Thursday, March 23, 2006

The Required Particularity of Anticipatory Search Warrants

United States v. Grubbs

Grubs bought a video tape online, which he knew contained child pornography. The Postal Inspection Service applied for an “anticipatory search warrant.” Because the probable cause to believe that the video tape would be in Grubs’ house, which the warrant was based on, was necessarily conditioned upon a “controlled delivery” of the tape, this circumstance was listed as a “triggering condition.” About 30 min into the search Grubs was presented with the warrant, though what Grubs received did not include the affidavit explaining when the warrant would be executed (and therefore without the description of the triggering condition. This case addresses Grubs’ motion to suppress because the warrant did not specify the triggering condition and the constitutionality of anticipatory search warrants in general.

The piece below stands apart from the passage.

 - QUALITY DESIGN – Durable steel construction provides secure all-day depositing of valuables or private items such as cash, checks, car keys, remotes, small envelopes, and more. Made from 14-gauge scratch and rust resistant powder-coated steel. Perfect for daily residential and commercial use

As to the constitutionality of anticipatory search warrants in general, the Court observes that the “probable-cause requirement looks to whether evidence will be found when the search is conducted.” Therefore, all search warrants are, in a sense, “anticipatory.” The only difference with anticipatory search warrants is that the probable-cause requirement is fulfilled conditionally. At the same time, the probable cause requirement of the Fourth Amendment also requires that the judge have probable cause to believe that the triggering condition will occur (or else a similar warrant could be issued with the proper triggering condition for every house in the country).

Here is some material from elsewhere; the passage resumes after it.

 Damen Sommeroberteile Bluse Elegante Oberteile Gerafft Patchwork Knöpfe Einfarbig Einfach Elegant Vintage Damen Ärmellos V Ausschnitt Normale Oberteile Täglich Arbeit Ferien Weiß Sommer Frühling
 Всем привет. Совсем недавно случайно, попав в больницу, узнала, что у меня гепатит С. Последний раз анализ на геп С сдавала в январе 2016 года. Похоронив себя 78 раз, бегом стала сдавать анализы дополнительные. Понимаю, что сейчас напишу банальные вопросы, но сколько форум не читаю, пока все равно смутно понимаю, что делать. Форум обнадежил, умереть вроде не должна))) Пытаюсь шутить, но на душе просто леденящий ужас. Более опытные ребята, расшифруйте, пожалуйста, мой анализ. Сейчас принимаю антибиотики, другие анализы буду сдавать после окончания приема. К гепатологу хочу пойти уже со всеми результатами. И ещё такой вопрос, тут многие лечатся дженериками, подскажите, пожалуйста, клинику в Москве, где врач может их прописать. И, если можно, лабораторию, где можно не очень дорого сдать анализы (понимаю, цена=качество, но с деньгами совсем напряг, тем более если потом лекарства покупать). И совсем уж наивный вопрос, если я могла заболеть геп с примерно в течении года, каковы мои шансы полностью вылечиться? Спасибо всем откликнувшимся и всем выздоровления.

The Ninth Circuit held that the Fourth Amendment’s particularity requirement required that the search warrant specify the triggering condition. The Court, however, argues that the Fourth Amendment requires particularity only as to “the place to be searched” and “the persons or things to be seized.” The Court holds that the missing requirement as to particularity regarding the manner in which the things will be seized is decisive here. The Court also rejects the policy arguments that Grubs puts forth, and observes that “the Constitution protects property owners not by giving them license to engage the police in a debate over the basis for the warrant, but by interposing, ex ante, the ‘deliberate, impartial judgment of a judicial officer.’” The Court therefore decides that the warrant presented to the person whose property is searched and seized need not particularize the manner in which the search will be conducted or the justification of the search itself (so long as the judicial decision addressed the matter).

The concurrence clarifies that a warrant authorizes a limited action, and in cases such as this, conditions upon which the police may act. The police are then entitled to do so. In this case, despite the fact that the warrant they held was incomplete the police adhered to the limitations set forth. If the police had not, regardless of what the warrant in their hands said, the search would have been illegal. The concurrence also points out that “the right of an owner to demand to see a copy of the warrant before making way for the police … remains undetermined today.